Of course, the second phase deserved special attention. Users need reminders for which task is being performed, what needs to be done, etc. The task list should be available in both Verbal Language (VL) and SL. It was chosen to involve an interpreter because the possibility of interaction between the participants and the interpreter increases correct understanding of the tasks. In particular, the interpreter always provided a task translation in SL at the beginning of each task. Required tasks included both basic actions, such as inserting a random glyph, or looking for a particular one, and complex ones, such as composing an assigned sign. In the third phase, the participant was asked to answer a usability questionnaire both in SL and in VL. The questionnaire was designed adapting the QUIS usability questionnaire [28] to the specific application and to the needs of deaf users, to stimulate participants to express their opinions.
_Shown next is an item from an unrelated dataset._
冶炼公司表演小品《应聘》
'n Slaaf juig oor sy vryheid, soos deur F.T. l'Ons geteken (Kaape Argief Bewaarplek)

In particular, each (simplified) written question was accompanied by the corresponding SL clip. A preliminary test session was conducted with ten deaf users. The obtained results were very encouraging and will be used to improve some interface aspects. Details are given in the following. It is worth considering that the typical problems of user recruitment for tests are amplified by the peculiarities of the deaf condition, especially since knowledge of SignWriting is still limited, and by the need of a SL interpreter. The possibility of running a modified version of the tests online is also currently being investigated, and it is planned to perform a more extensive evaluation in the next future.
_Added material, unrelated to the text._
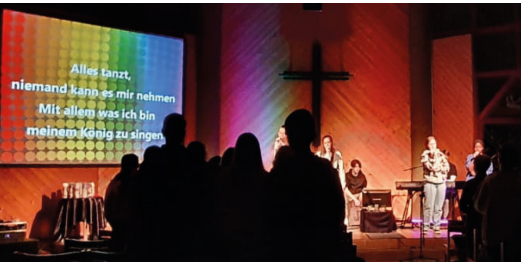
Abbah!-Team und -Band: Songs von YADA Worship.

The low number of errors made by participants in the use of interface buttons confirmed the quality of most of the design choices. Some doubts persist on the suitability of the wastebasket icon since it was seldom used. As for the navigation, the lack of any glyph in the home screen was misleading for most participants since they expected to find them. Moreover, the use of graphics different from glyphs as icon for some button or as label for some choice boxes raised some problems since users tended to interpret them in a way different from glyphs or to ignore them. When arriving at a specific set of Choose Boxes, used to identify groups of glyphs related to a specific trait, many deaf users preferred to make only one choice, instead of one for each Box as allowed by the interface. This may be due to the fact that the possibility of choosing one option from each box should be better signaled. It is planned to devise a way to make this possibility clearer. At the end of the test session, most users expressed appreciation for the modalities chosen for the test, in particular for the final questionnaire. The overall results were very satisfying. They underlined precise trends for specific aspects of the application, confirming the reliability of the obtained responses.

8 Conclusions

In this paper, a model-driven approach to developing UIs for deaf people has been presented. A fully iconic page structure is proposed to enhance deaf people’s motivation while navigating in virtual environments. In fact, the iconic modality aims at leveraging the deaf-peculiar visual way of grasping information.
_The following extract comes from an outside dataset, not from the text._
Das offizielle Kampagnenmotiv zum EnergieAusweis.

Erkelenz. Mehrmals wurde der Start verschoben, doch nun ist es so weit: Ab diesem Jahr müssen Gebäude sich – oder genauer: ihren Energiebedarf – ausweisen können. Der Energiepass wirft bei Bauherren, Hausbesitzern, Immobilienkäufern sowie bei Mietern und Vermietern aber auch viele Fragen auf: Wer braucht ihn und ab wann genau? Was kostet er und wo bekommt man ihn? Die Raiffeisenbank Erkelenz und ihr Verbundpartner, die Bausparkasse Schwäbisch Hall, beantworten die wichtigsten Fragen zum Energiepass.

This iconic structure is applied to the pages of story-based learning paths, and the StoryEditor visual editor has been presented as a powerful tool for manipulating the two levels of stories description, that is, iconic and diachronic.

Finally, the written representation of Sign Languages has been taken into account, proposing a metamodel for the SignWriting code extendible to Sign Languages in general and which can be the basis for incorporating specifications for this form of interaction into UsiXML.